Return only the lines from the top of the data down to the one that holds "možnosť nabíjania: nie", both included, without any pictures.

___ Information shown

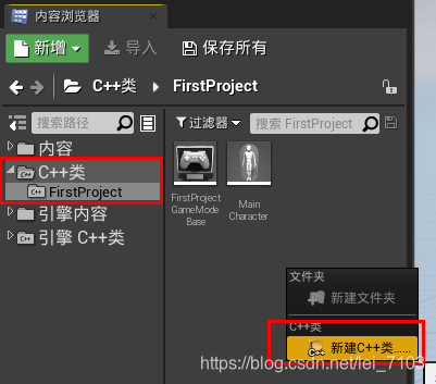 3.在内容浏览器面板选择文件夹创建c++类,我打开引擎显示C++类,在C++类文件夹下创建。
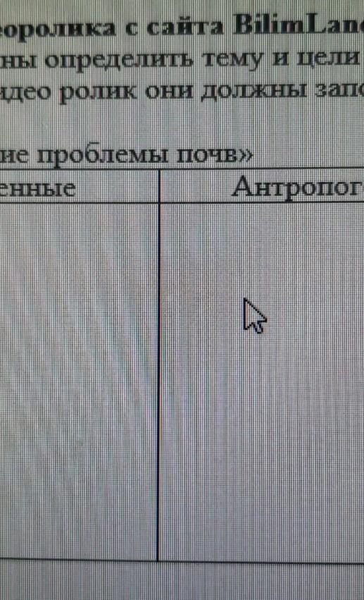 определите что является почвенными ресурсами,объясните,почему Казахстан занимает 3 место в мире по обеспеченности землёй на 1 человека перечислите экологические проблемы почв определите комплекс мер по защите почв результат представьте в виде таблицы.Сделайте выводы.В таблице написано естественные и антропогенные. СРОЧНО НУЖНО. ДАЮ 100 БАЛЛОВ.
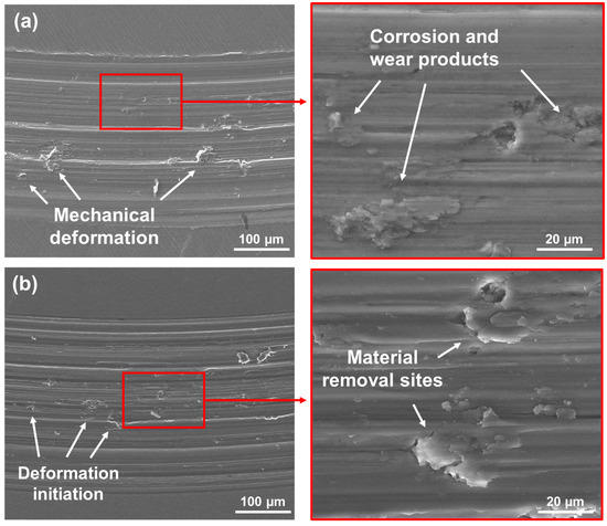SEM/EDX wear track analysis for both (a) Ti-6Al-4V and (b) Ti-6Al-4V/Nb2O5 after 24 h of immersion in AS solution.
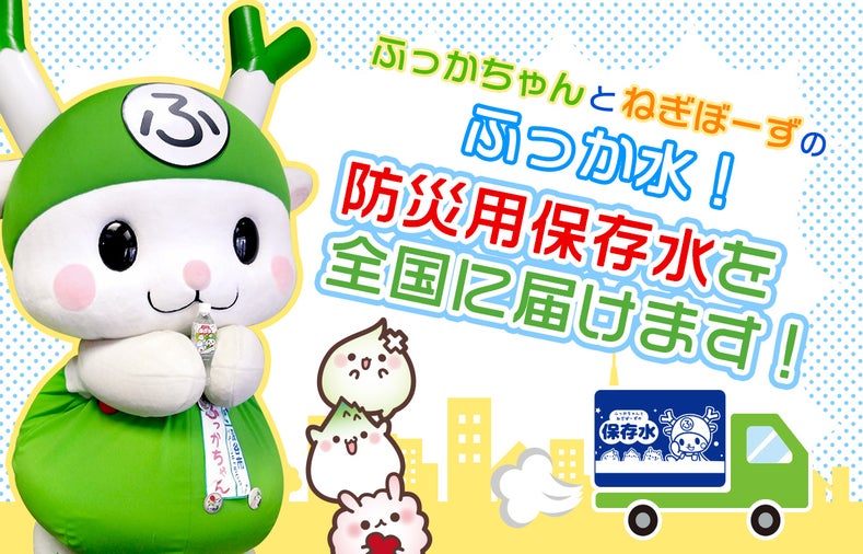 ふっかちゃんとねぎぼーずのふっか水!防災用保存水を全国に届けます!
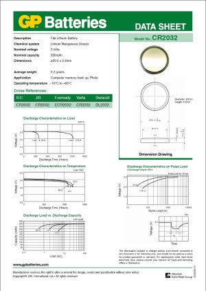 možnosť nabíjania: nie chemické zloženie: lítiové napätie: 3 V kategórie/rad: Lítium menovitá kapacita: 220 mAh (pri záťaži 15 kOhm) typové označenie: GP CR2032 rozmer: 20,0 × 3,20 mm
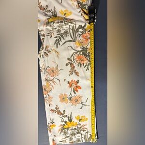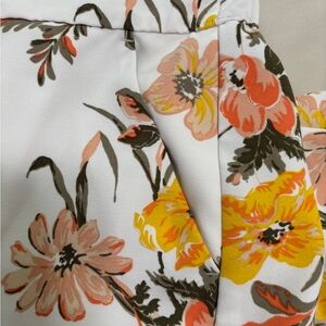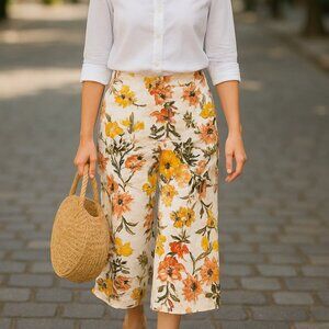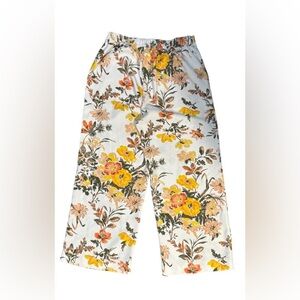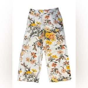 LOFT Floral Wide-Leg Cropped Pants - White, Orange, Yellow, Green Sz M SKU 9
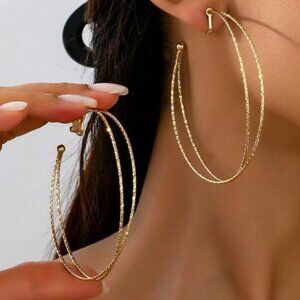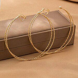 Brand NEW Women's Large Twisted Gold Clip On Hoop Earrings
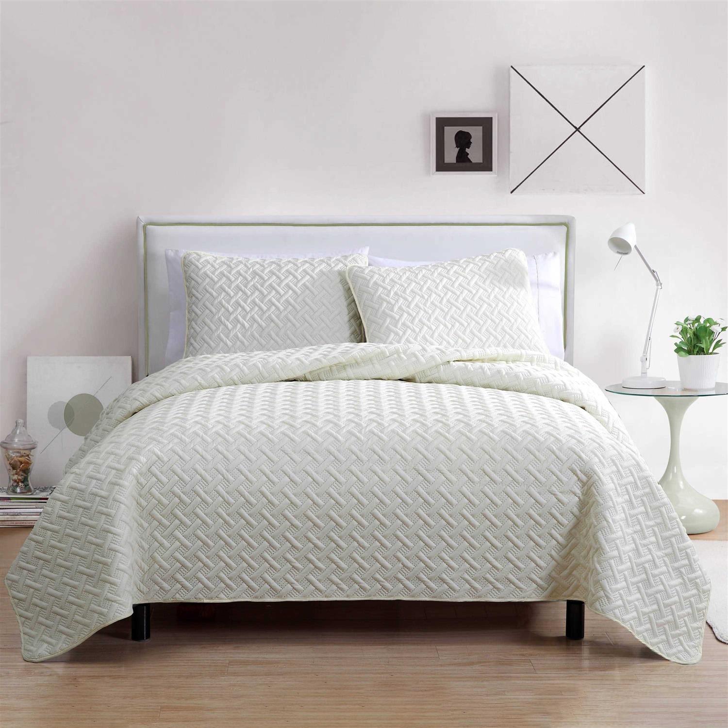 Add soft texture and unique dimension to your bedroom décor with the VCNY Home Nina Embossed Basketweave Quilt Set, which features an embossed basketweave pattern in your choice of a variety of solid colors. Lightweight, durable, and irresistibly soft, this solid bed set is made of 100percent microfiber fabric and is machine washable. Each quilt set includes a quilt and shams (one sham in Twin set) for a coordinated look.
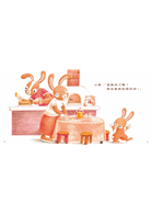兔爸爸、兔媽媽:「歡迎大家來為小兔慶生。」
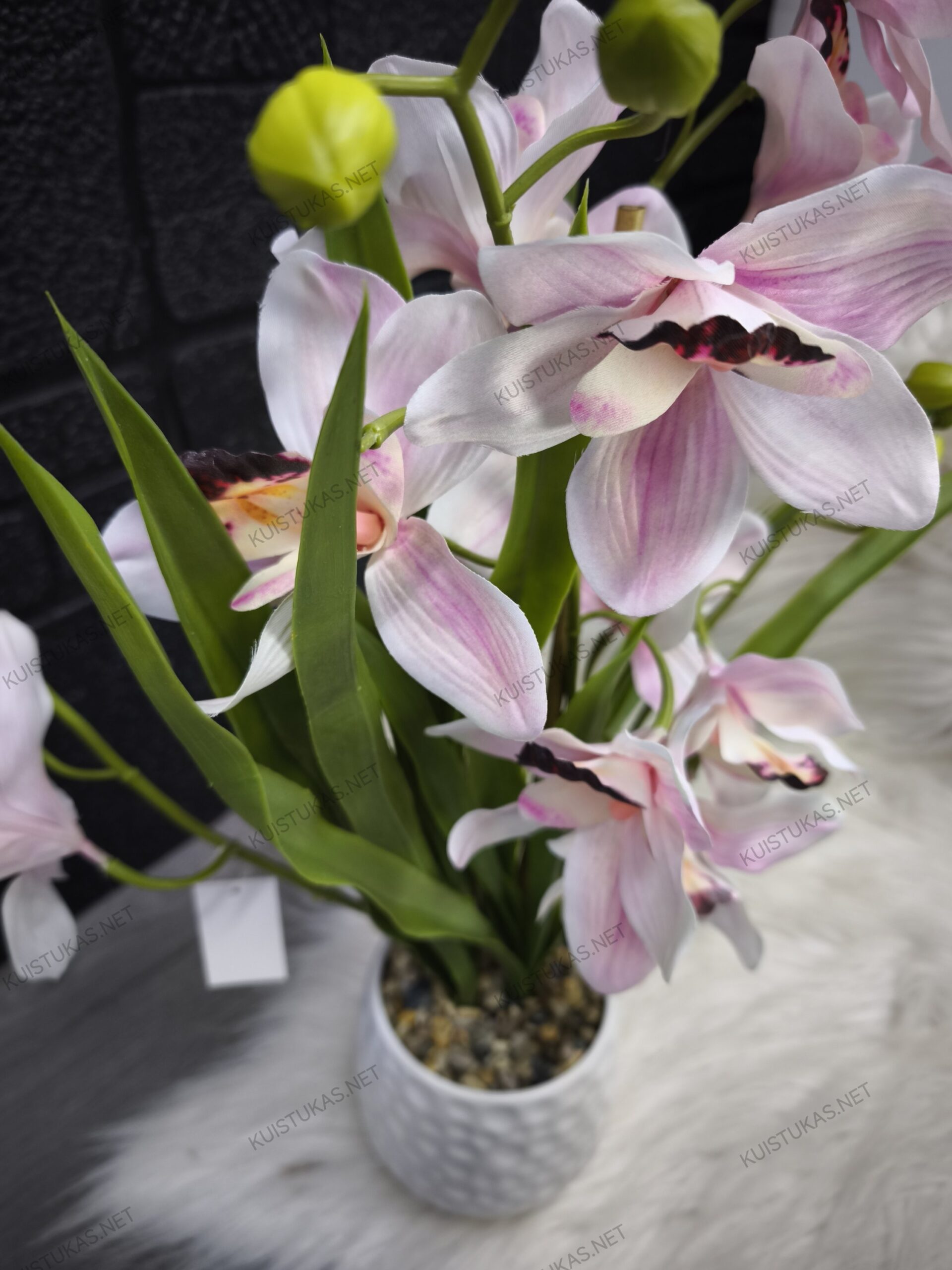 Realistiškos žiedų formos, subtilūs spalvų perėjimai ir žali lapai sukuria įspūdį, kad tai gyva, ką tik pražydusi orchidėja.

______

**Answer to the exercise**
 3.在内容浏览器面板选择文件夹创建c++类,我打开引擎显示C++类,在C++类文件夹下创建。
 определите что является почвенными ресурсами,объясните,почему Казахстан занимает 3 место в мире по обеспеченности землёй на 1 человека перечислите экологические проблемы почв определите комплекс мер по защите почв результат представьте в виде таблицы.Сделайте выводы.В таблице написано естественные и антропогенные. СРОЧНО НУЖНО. ДАЮ 100 БАЛЛОВ.
SEM/EDX wear track analysis for both (a) Ti-6Al-4V and (b) Ti-6Al-4V/Nb2O5 after 24 h of immersion in AS solution.
 ふっかちゃんとねぎぼーずのふっか水!防災用保存水を全国に届けます!
 možnosť nabíjania: nie chemické zloženie: lítiové napätie: 3 V kategórie/rad: Lítium menovitá kapacita: 220 mAh (pri záťaži 15 kOhm) typové označenie: GP CR2032 rozmer: 20,0 × 3,20 mm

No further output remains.